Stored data
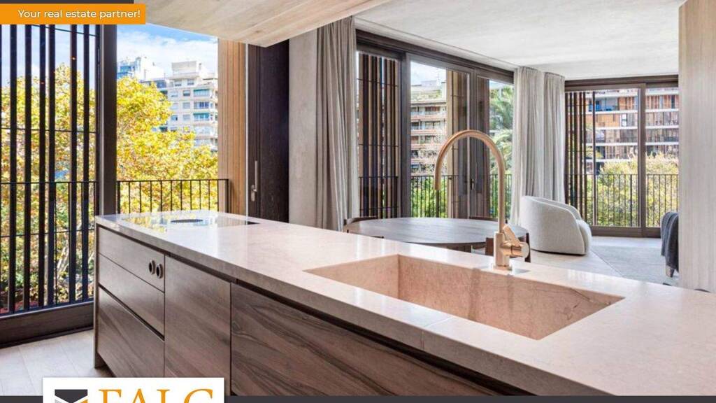 Diese attraktive Neubau-Wohnung in Palma befindet sich in einer schöner Lage am Paseo Mallorca, der von Bäumen gesäumten Promenade mit Blick auf den Riera-Wasserlauf. Der seit 2022 fertiggestellte Wohnkomplex mit einer aussergewöhnlichen Architektur setzt auf Nachhaltigkeit, Energieeffizienz und Komfort. Beim Bau, sowie beim Innenausbau wurden nur Materialien von höchster Qualität verwendet. Diese Bauweise entspricht dem nZEB-Standard (Nearly Zero Energy Building) für den Verbrauch. Das exklusive Apartment mit ca. 151 m2 Wohnfläche ist wie folgt aufgeteilt: Eingangsbereich, helles Wohn-Esszimmer, voll ausgestattete Küche, Hauswirtschaftsraum, ein Gäste-WC sowie 3 Schlafzimmer, 2 Badezimmer, eines davon sie en-suite. Das Wohnzimmer und das Esszimmer verfügen über große Schiebefenster mit UV-Schutz. An der Fassade befinden sich außerdem Schiebejalousien aus Holz mit vertikalen Lamellen, die bei Bedarf die Sonne hereinlassen und so ein fantastisches Licht- und Schattenspiel in den Innenräumen zaubern.
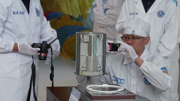 2024年6月26日,北京,嫦娥六号返回器开舱活动在中国航天科技集团五院举行。科研人员拍摄月球土壤样本。(视频截图)图源:视觉中国
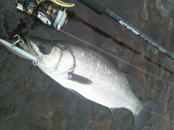 トップがダメならミノーはとサーフェスウィング120Fに交換し再度タイミングを合わせキャストすると、足元まで巻いてきたルアーのピックアップで黒い魚体が下から突き上げてきました。
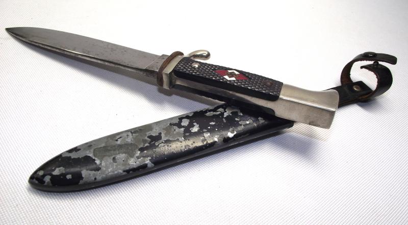 In very nice condition as seen in the photos. The scabbard is the post war zinc moulded type. Two HJ daggers where brought in to me yesterday, the tiger example being a ''no brainer'' original, this Hubertus had me scratching my head as i had not come across this maker before and the knife itself matches closely HJ daggers made during the period. Thankfully i had internet connection so with a little due diligence i found reference to the Hubertus firm making scout knives in the 30's and then the 50's but did not produce any HJ knives with this trade mark with ships wheel. Perfect for a reenactor or display if your not wanting to pay £450 up for a period example.
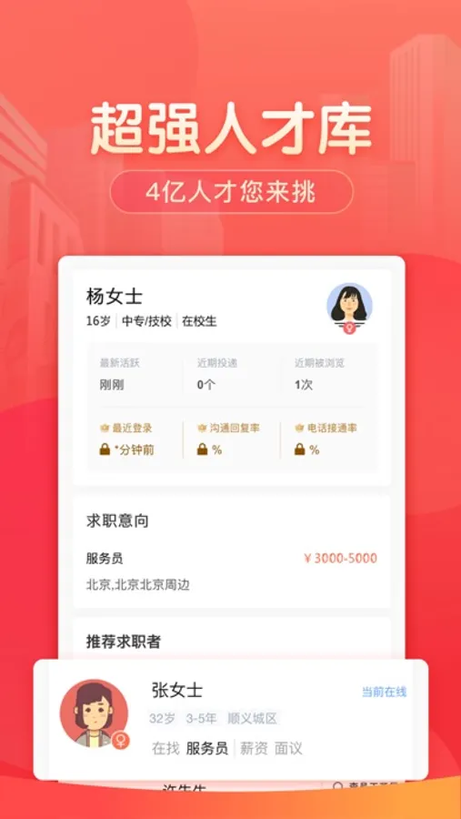 你能想到的职位信息,可以在58同城简历库里找到,全职位模板供你选择,同求职者在线视频、直接面试,当天可入职!

▸ Your task
The copy you write out must match the entries word for word, minus their pictures.

▸ Answer to this exercise
 Diese attraktive Neubau-Wohnung in Palma befindet sich in einer schöner Lage am Paseo Mallorca, der von Bäumen gesäumten Promenade mit Blick auf den Riera-Wasserlauf. Der seit 2022 fertiggestellte Wohnkomplex mit einer aussergewöhnlichen Architektur setzt auf Nachhaltigkeit, Energieeffizienz und Komfort. Beim Bau, sowie beim Innenausbau wurden nur Materialien von höchster Qualität verwendet. Diese Bauweise entspricht dem nZEB-Standard (Nearly Zero Energy Building) für den Verbrauch. Das exklusive Apartment mit ca. 151 m2 Wohnfläche ist wie folgt aufgeteilt: Eingangsbereich, helles Wohn-Esszimmer, voll ausgestattete Küche, Hauswirtschaftsraum, ein Gäste-WC sowie 3 Schlafzimmer, 2 Badezimmer, eines davon sie en-suite. Das Wohnzimmer und das Esszimmer verfügen über große Schiebefenster mit UV-Schutz. An der Fassade befinden sich außerdem Schiebejalousien aus Holz mit vertikalen Lamellen, die bei Bedarf die Sonne hereinlassen und so ein fantastisches Licht- und Schattenspiel in den Innenräumen zaubern.
 2024年6月26日,北京,嫦娥六号返回器开舱活动在中国航天科技集团五院举行。科研人员拍摄月球土壤样本。(视频截图)图源:视觉中国
 トップがダメならミノーはとサーフェスウィング120Fに交換し再度タイミングを合わせキャストすると、足元まで巻いてきたルアーのピックアップで黒い魚体が下から突き上げてきました。
 In very nice condition as seen in the photos. The scabbard is the post war zinc moulded type. Two HJ daggers where brought in to me yesterday, the tiger example being a ''no brainer'' original, this Hubertus had me scratching my head as i had not come across this maker before and the knife itself matches closely HJ daggers made during the period. Thankfully i had internet connection so with a little due diligence i found reference to the Hubertus firm making scout knives in the 30's and then the 50's but did not produce any HJ knives with this trade mark with ships wheel. Perfect for a reenactor or display if your not wanting to pay £450 up for a period example.
 你能想到的职位信息,可以在58同城简历库里找到,全职位模板供你选择,同求职者在线视频、直接面试,当天可入职!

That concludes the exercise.